### WHAT YOU HAVE TO DO
Begin your copy at the line that holds "Florian Germann, Untitled, 2020" and carry it through the final line of the data, writing out each line exactly and omitting pictures.

(Stored records)
+ + + + + + +
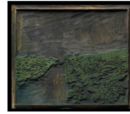
Title: Bound for Taos (Green Wood Block) Date: 1930 Primary Maker: Gustave Baumann Medium: basswood wood block
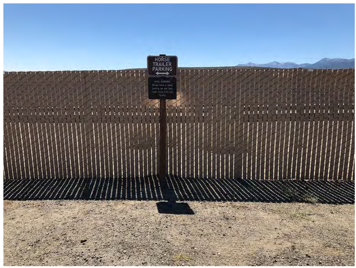
Parking signs installed

10) Roadside trailhead signs were installed along Jacks Valley Road to help new users locate the Jacks Valley Road and Jacks Valley School Trailhead locations.
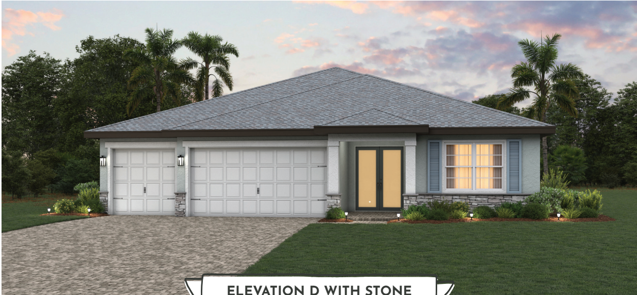
ELEVATION D WITH STONE

4 beds + den · 3 baths · 3-car garage · 2,635 sf a/c
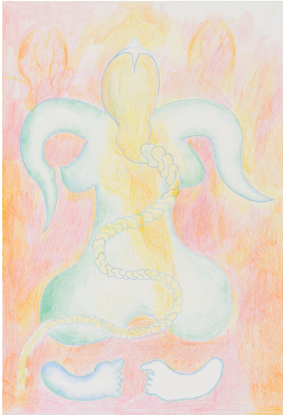
Florian Germann, Untitled, 2020 Colored pencil on paper, framed Paper: 42 × 29 cm, Frame: 46.3 × 33.3 × 2.8 cm, GERM/WP 41
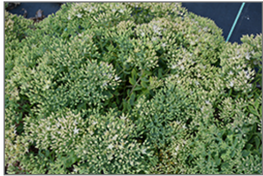
Thundercloud Stonecrop flower buds

Thundercloud Stonecrop is a fine choice for the garden, but it is also a good selection for planting in outdoor pots and containers. It is often used as a 'filler' in the 'spiller-thriller-filler' container combination, providing a mass of flowers and foliage against which the thriller plants stand out. Note that when growing plants in outdoor containers and baskets, they may require more frequent waterings than they would in the yard or garden.
+ + + + + + +
### SOLUTION TO THE PROBLEM
Florian Germann, Untitled, 2020 Colored pencil on paper, framed Paper: 42 × 29 cm, Frame: 46.3 × 33.3 × 2.8 cm, GERM/WP 41
Thundercloud Stonecrop flower buds

Thundercloud Stonecrop is a fine choice for the garden, but it is also a good selection for planting in outdoor pots and containers. It is often used as a 'filler' in the 'spiller-thriller-filler' container combination, providing a mass of flowers and foliage against which the thriller plants stand out. Note that when growing plants in outdoor containers and baskets, they may require more frequent waterings than they would in the yard or garden.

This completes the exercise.